Atle Maurud

Personal information
- Date of birth: 15 October 1970 (age 55)
- Height: 1.83 m (6 ft 0 in)
- Position: Striker

Senior career*
- Years: Team / Apps / (Gls)
- 0000–1992: Gjøvik
- 1993: Gjøvik-Lyn
- 1994–1996: Hamarkameratene / 45 / (?)
- 1997: Lyn / 22 / (6)
- 1998–2001: Hamarkameratene / 73 / (?)
- 2001: FF Lillehammer
- 2002: Raufoss
- 2003–2005: Gjøvik-Lyn

= Atle Maurud =

Norwegian footballer (born 1970)

Atle Maurud (born 15 October 1970) is a retired Norwegian football striker.

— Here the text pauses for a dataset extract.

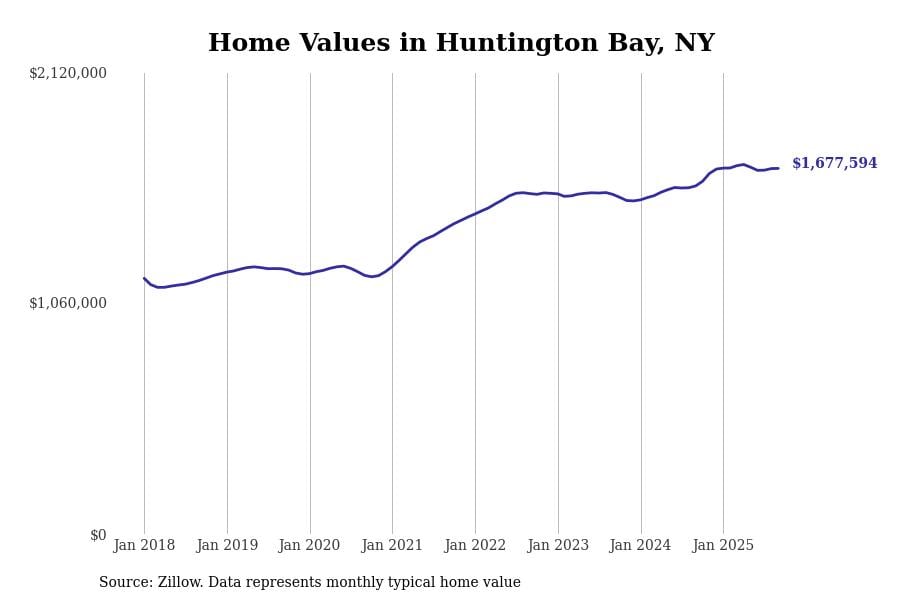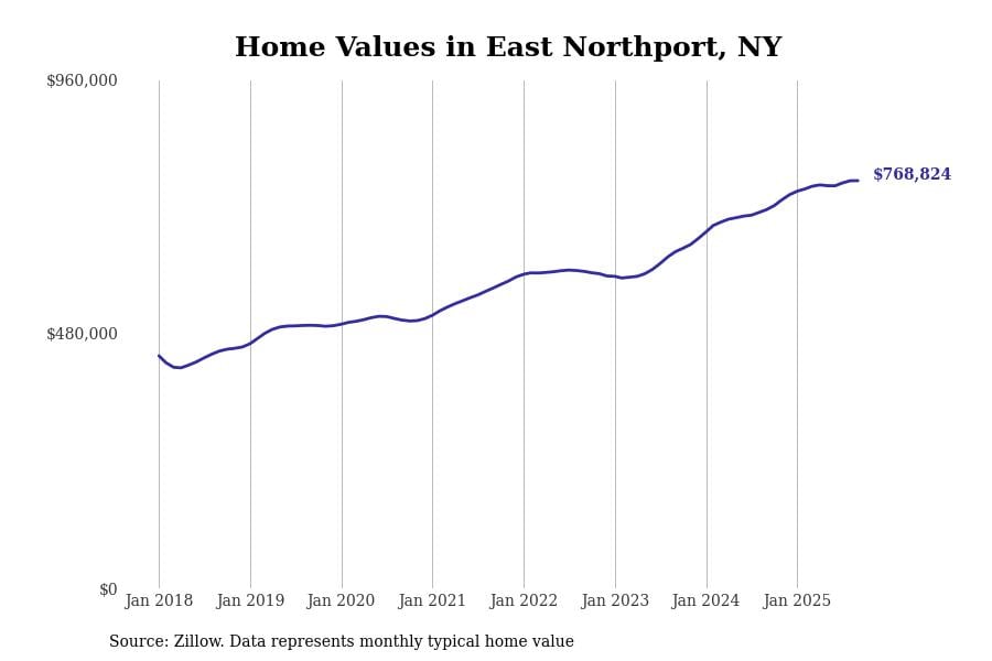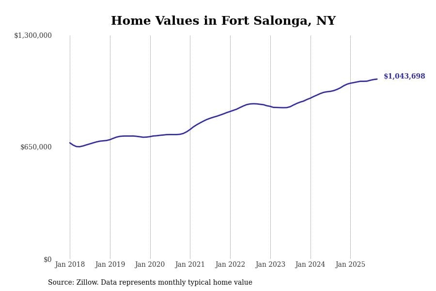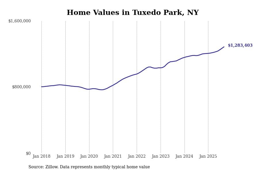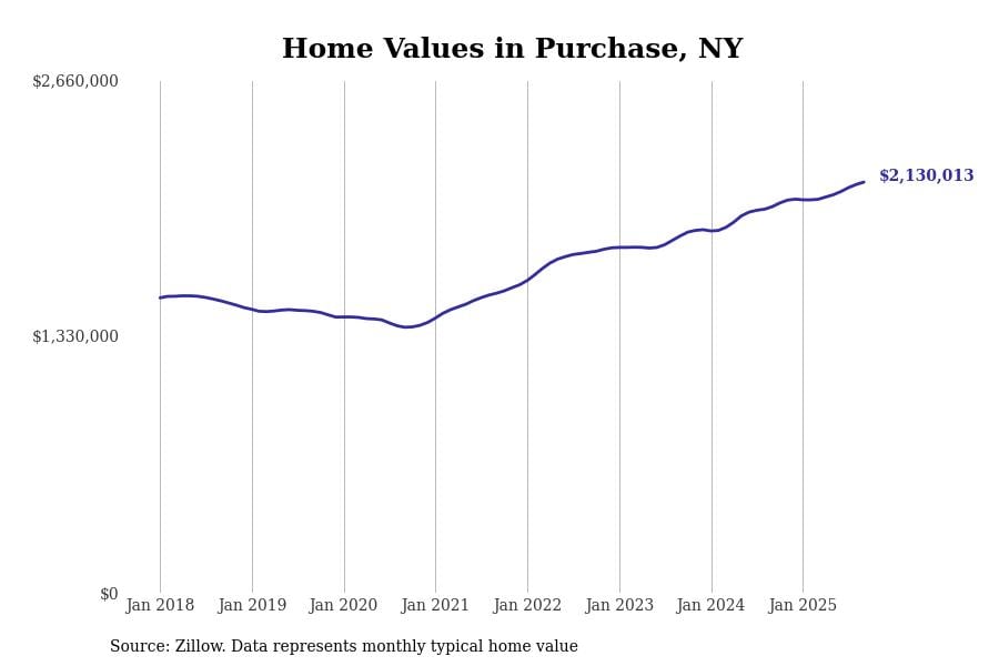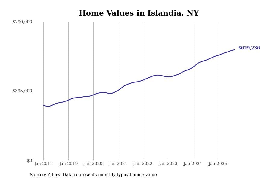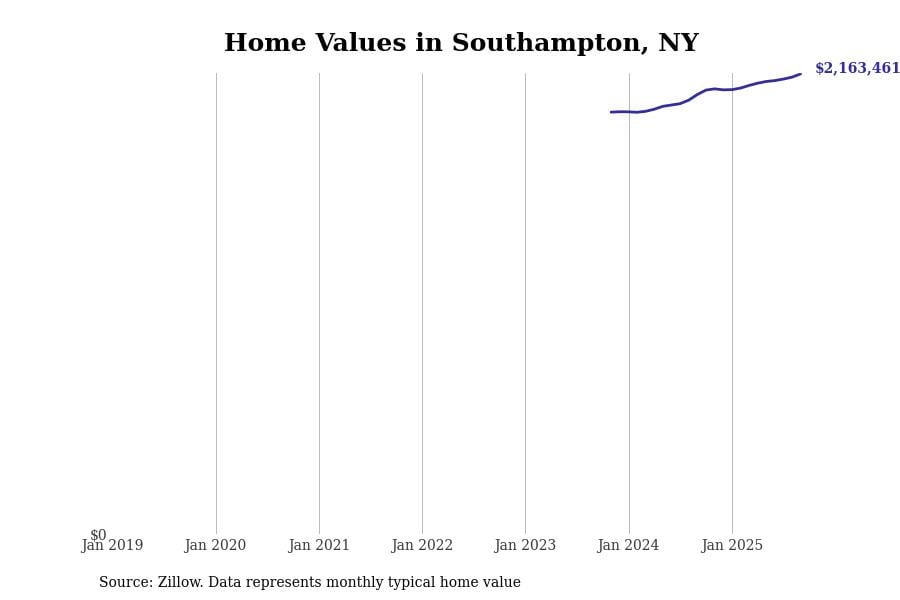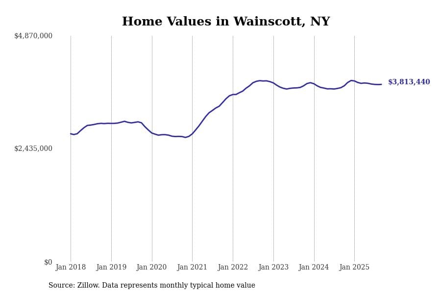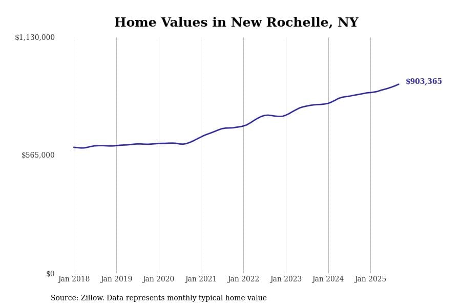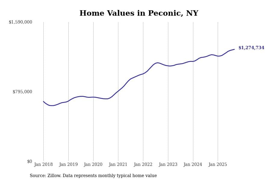 Stacker compiled a list of cities with the fastest-growing home prices in New York using data from Zillow. Cities are ranked by the dollar change in the Zillow Home Values Index for all homes from the 12 months ending September 2025. The charts in this story were created automatically using Matplotlib. Data was available for 50 cities and towns in New York.

He hails from Gjøvik, and played for Gjøvik SK and SK Gjøvik-Lyn before joining Hamarkameratene ahead of the 1994 season. He only played two Norwegian Premier League games in 1994, but then established himself in the first team. In the 1997 season he played for SFK Lyn. He played regularly, but the team was relegated and he returned to Hamarkameratene. The team experienced a series of relegations to the Second Division, but was back in the First Division for the 2000 season. He stayed here until 2001, when he did not get much first-team football and was loaned out to FF Lillehammer. He then played for Raufoss IL and SK Gjøvik-Lyn again.